The Arizona Health Care Cost Containment System, the state’s Medicaid system commonly known as AHCCCS, has projected the impact of funding cuts to Arizona at more than $7 billion in the next decade.

AHCCCS estimates 29,000 people fighting cancer, 11,000 people with serious mental illnesses and 16,000 people fighting opioid addiction would be left without coverage.

Carter said she supports repealing Obamacare, but argued Medicaid funding should be a separate issue from replacing the legislation. 

“Medicaid is not Obamacare,” Carter said. “We’ve had Medicaid in Arizona for 35 years. Our program is a model nationally, of reform and innovation. The Arizona Medicaid system is working, and we should protect it because we know from experience what will happen if we don’t.”


Republican leaders unveiled a new health care bill in their effort to deliver on promises to repeal and replace “Obamacare.” They cannot spare losing many GOP votes as the party’s own divisions put its top campaign pledge in serious jeopardy. (July 13)

Doctor: Kids would be among most harmed

The lawmakers were joined by Dr.
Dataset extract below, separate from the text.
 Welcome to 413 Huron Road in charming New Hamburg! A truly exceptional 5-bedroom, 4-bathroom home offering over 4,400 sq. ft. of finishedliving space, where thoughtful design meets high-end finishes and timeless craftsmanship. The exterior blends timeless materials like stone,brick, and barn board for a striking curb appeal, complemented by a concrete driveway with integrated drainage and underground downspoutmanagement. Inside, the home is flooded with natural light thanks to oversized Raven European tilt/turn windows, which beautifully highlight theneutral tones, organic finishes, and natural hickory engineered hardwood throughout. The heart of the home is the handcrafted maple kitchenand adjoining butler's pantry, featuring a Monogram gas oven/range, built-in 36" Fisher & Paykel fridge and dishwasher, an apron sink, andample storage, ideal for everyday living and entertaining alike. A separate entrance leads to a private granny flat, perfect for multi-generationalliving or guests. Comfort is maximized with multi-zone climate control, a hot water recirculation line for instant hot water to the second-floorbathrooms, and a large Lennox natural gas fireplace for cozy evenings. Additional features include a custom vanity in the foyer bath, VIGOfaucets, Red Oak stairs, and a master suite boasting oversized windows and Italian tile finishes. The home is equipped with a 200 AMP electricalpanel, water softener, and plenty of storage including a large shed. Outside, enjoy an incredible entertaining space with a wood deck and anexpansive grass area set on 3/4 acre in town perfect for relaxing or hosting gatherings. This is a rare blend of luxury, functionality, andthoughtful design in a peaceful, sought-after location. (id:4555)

Jared Muenzer, a pediatric emergency-medicine doctor and Phoenix Children’s Medical Group executive; Jennifer Mellor, vice president of economic development for the Greater Phoenix Chamber of Commerce; and veterans health-care advocate Jon Altmann of the Association of the U.S. Navy.

Muenzer said children would be among those most harmed by a reduction in federal Medicaid funding.
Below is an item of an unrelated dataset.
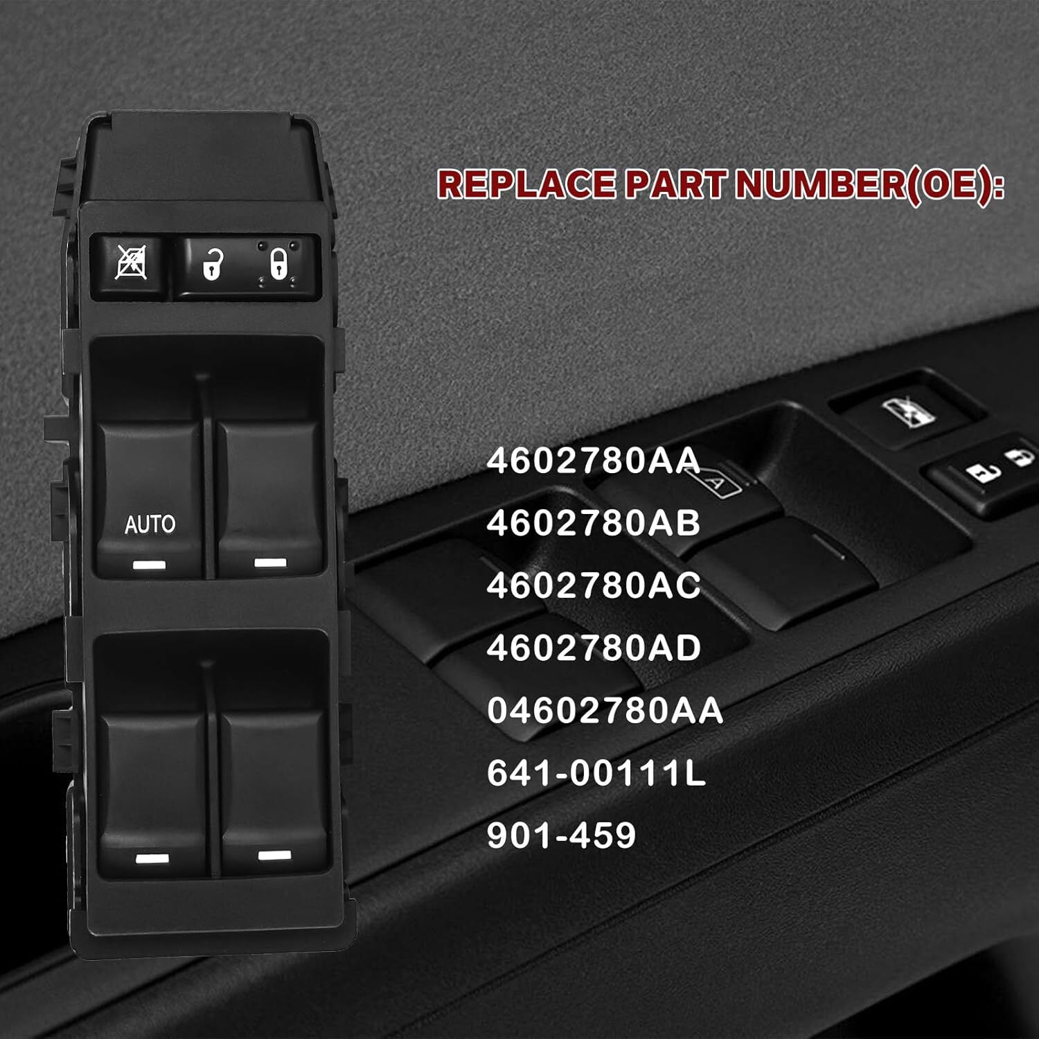 1 PCS Black Master Power Window Control Switch Front Left For CHRYSLER / DODGE / JEEP 04602780AA、4602780AB、4602780AC、4602780AD Warm Tip: Please check whether it is fit your vehicle before purchase. Fitmet: CHRYSLER | 2004-2010 Chrysler 300 2007-2014 Chrysler Sebring DODGE | 2007-2014 Dodge Avenger 2011-2012 Dodge Caliber 2007-2010 Dodge Charger 2005-2011 Dodge Dakota 2004-2006 Dodge Durango 2007-2010 Dodge Magnum JEEP | 2011-2014 Jeep Compass 2005-2006 Jeep Grand Cherokee 2011-2014 Jeep Patriot Detail: Type:Window Switch Style:Driver Side Master Window Switch Fit for:CHRYSLER / DODGE / JEEP Material:ABS Voltage:12V Buttons:6 Buttons To Control : Window Lock,Door Lock,Mirror Placement on Vehicle : Front Left Fitment Type : Direct Replacement Switch Type : Push Butto Jeep Compass Patriot 2011-2014 Power Window Switch - Driver Side Master Door Con 1 PCS Black Master Power Window Control Switch Front Left For CHRYSLER / DODGE / JEEP 04602780AA、4602780AB、4602780AC、4602780AD Warm Tip: Please check whether it is fit your vehicle before purchase. Fitmet: CHRYSLER | 2004-2010 Chrysler 300 2007-2014 Chrysler Sebring DODGE | 2007-2014 Dodge Avenger 2011-2012 Dodge Caliber 2007-2010 Dodge Charger 2005-2011 Dodge Dakota 2004-2006 Dodge Durango 2007-2010 Dodge Magnum JEEP | 2011-2014 Jeep Compass 2005-2006 Jeep Grand Cherokee 2011-2014 Jeep Patriot Detail: Type:Window Switch Style:Driver Side Master Window Switch Fit for:CHRYSLER / DODGE / JEEP Material:ABS Voltage:12V Buttons:6 Buttons To Control : Window Lock,Door Lock,Mirror Placement on Vehicle : Front Left Fitment Type : Direct Replacement Switch Type : Push Button Color : Black OE Number:04602780AA、4602780AB、4602780AC、4602780AD Pins Number:7 + 6 Country/Region of Manufacture:China Fitment Type:Direct Replacement Package Include:1 PCS Black Power Window Switch Number Of Pieces:1 Warranty:1 Year Features: According to the original factory specifications. Direct replacement Stable performance, high reliability Easy installation Fast shipping and good operation Total new and high quality Manufactured under strict quality control 100% tested prior to leaving the factory Pins Number:7 + 6 Important Specifics:Only for left drive side vehicle FIT For CHRYSLER / DODGE / JEEP OE NO.:04602780AA、4602780AB、4602780AC、4602780AD Store Service: All our product share 1-year warranty. If incorrect or defective item when you receive it, please feel free to contact us via eBay message. We will pay return shipping fee and arrange replacement ASAP. We are a professional shop. We devote ourselves to offering best product and good service.Any problem, complaint or suggestion happened during transaction, please contact us before leaving any feedback. We are committed to resolve all issues in a friendly and satisfactory manner. If you have any questions, please contact us, we will solve the problem for you within two working days Thank you! Payment Delivery details Terms of sales About us Contact us Payment We only accept Paypal for your payment method. Delivery details The goods are shipped from New Jersey, USA. We will ship the goods within 24 hours after receiving the payment. Usually you will receive the goods within 1 to 5 working days. If you do not receive it during this period, please contact us directly through the eBay email. We will do our best to solve the problem for you. Thank you for your cooperation! Terms of sales Please note before buying, this part does not fit all versions of the model advertised in the eBay compatibility list as eBay work via engine size(s) not via specification of the car. Using the title or the compatibility table alone is not enough to ensure the part will be suitable as there can be more than one part that fits the same make and model. Please also check this is correct part, size and fittings before buying. We do our best to list items with as many details as possible. So please check our details match yours and ask a question if you're not sure. It is the buyer's responsibility to check that the item they purchase is identical to the original item being placed. Mistakes take time and money to rectify. If an item is incorrectly ordered or no longer needed, the item can be returned for a refund, however, please note that we will refund you for the item minus our postage cost of £4.90-£6.90 (which may not have been included in the price) The parts we sell are all brand new, unless stated, and some parts may have marks and scratches which may have been caused when testing, but will not affect the functionality of the part. About us Thank you very much for purchasing products in our store. Your order has been sent. If you have received our products, if you have any questions, please contact us in time. We will reply to you within 24 hours in weekday.Thanks for your cooperation again. Contact us Please email us if you have any question, we'll try our best to help you.

“Medicaid is a critical program for not only low-income children, but it’s a program that subsidizes care for the sickest kids in need of very costly care, even if they have commercial insurance,” Muenzer said. “In Arizona, 636,000 children rely on Medicaid for their coverage. That’s more than 50 percent of our state’s children.”

More than half of the children being treated at Phoenix Children’s Hospital are on Medicaid, Muenzer said. 

“From birth defects to cancer, from heart transplants to disability, PCH provides care for the most complex and most rare medical conditions,” Muenzer said. “These are the kids that often require very expensive and long-term treatment to improve their health — treatment that is not always covered by commercial insurance.”

Mellor said uncertainty over the future of health care in Arizona has taken a toll on the economy.

“These concerns over rising costs and changing regulations are causing businesses to pause, to rethink hiring decisions and rethink expansion plans, which only impedes economic growth in our community,” Mellor said. 

Health care is a driving force in Arizona’s economy, with three of the state’s top 25 employers in the health-care sector. It has created 60,000 jobs and contributed an estimated $8 million to the economy, according to Mellor.  

Altmann said he was concerned that some veterans would be left without care. 

“Many veterans are not eligible for VA care, or they live too far from VA facilities. Or of course, the veteran’s spouses or children don’t qualify for VA care,” Altmann said. “For these veterans and their families, Medicaid has been a vital safety net.” 

The bill awaits a vote in the Senate. If passed, it would need to be reconciled with the American Health Care Act passed by the U.S. House on May 4 before making its way to President Donald Trump’s desk.